18 Christians should put their trust and confidence in Jehovah and never fear men or try to please men. Whom shall we fear when Jehovah is with us? The psalmist said: “Jehovah is my light and my salvation. Of whom shall I be in fear?” (Ps. 27:1) To overcome fear of men knowledge of Jehovah is essential. And to know Jehovah careful study of His Word and law is necessary. Lack of knowledge makes one depend on men and makes one fearful of men, but knowledge of Jehovah dispels fear. Through study you learn: “The name of Jehovah is a strong tower. Into it the righteous runs and is given protection.” (Prov. 18:10) Through study you learn the mighty acts Jehovah has done for those who fear him and not men. “Listen to me, you the ones knowing righteousness, the people in whose heart is my law. Do not be afraid of the reproach of mortal men, and do not be struck with terror just because of their abusive words. For the moth will eat them up just as if a garment, and the clothes moth will eat them up just as if wool. But as for my righteousness, it will prove to be even to time indefinite, and my salvation to unnumbered generations.” So study and learn to fear Jehovah, but never men.—Isa. 51:7, 8.
19, 20. (a) What do we expect? (b) But what admonishment does the Bible give?
19 May Christians never be trembling, soft and double-minded or unstable because of fear of men or devil. Jehovah has informed his servants about the coming attack from Gog of Magog. Jehovah’s witnesses expect persecution by Caesar. They know this old world hates them. But they have confidence in the power of Jehovah, their God, as did those men who served him fearlessly in the past. What did Moses command Jehovah’s warriors of the ancient typical organization to do? “Be courageous and strong. Do not be afraid or suffer a shock before them, because Jehovah your God is the one marching with you. He will neither desert you nor forsake you. . . . Jehovah is the one marching before you.” (Deut. 31:6, 8) Like the psalmist of old, let each true Christian brace up his mind with determination to avoid compromise and loss of integrity: “Jehovah is on my side; I shall not fear. What can earthling man do to me? It is better to take refuge in Jehovah than to trust in nobles. All the nations themselves surrounded me. . . . They surrounded me like bees; they were extinguished like a fire of thornbushes. It was in the name of Jehovah that I kept holding them off.”—Ps. 118:6, 9-12.

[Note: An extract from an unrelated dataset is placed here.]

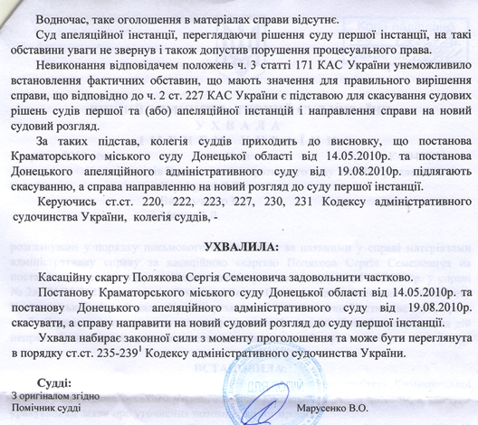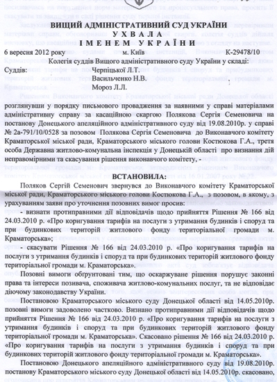 Копия решения, принятого Высшим административным судом Украины:

20 And how does Paul admonish us? “What, then, shall we say to these things? God is for us, who will be against us?” “We mustered up boldness by means of our God to speak to you the good news of God with a great deal of struggling.” “For God gave us not a spirit of cowardice, but that of power.”—Rom. 8:31; 1 Thess. 2:2; 2 Tim. 1:7.
21. What attitude should Christians have to avoid the danger of compromise and men-pleasing?
21 Therefore, Christian fighters, be courageous, never fear men or try to please men, never compromise just to avoid trouble. Hold fast to God’s supreme law and word. Serve Jehovah, not by “eyeservice as men-pleasers, but as Christ’s slaves, doing the will of God whole-souled.” (Eph. 6:6) Preach and defend your faith and hope fearlessly and efficiently and your reward will be everlasting life in Jehovah’s new world. May Jehovah God bless each one of you ministers of Jehovah and men of good will with his spirit of power.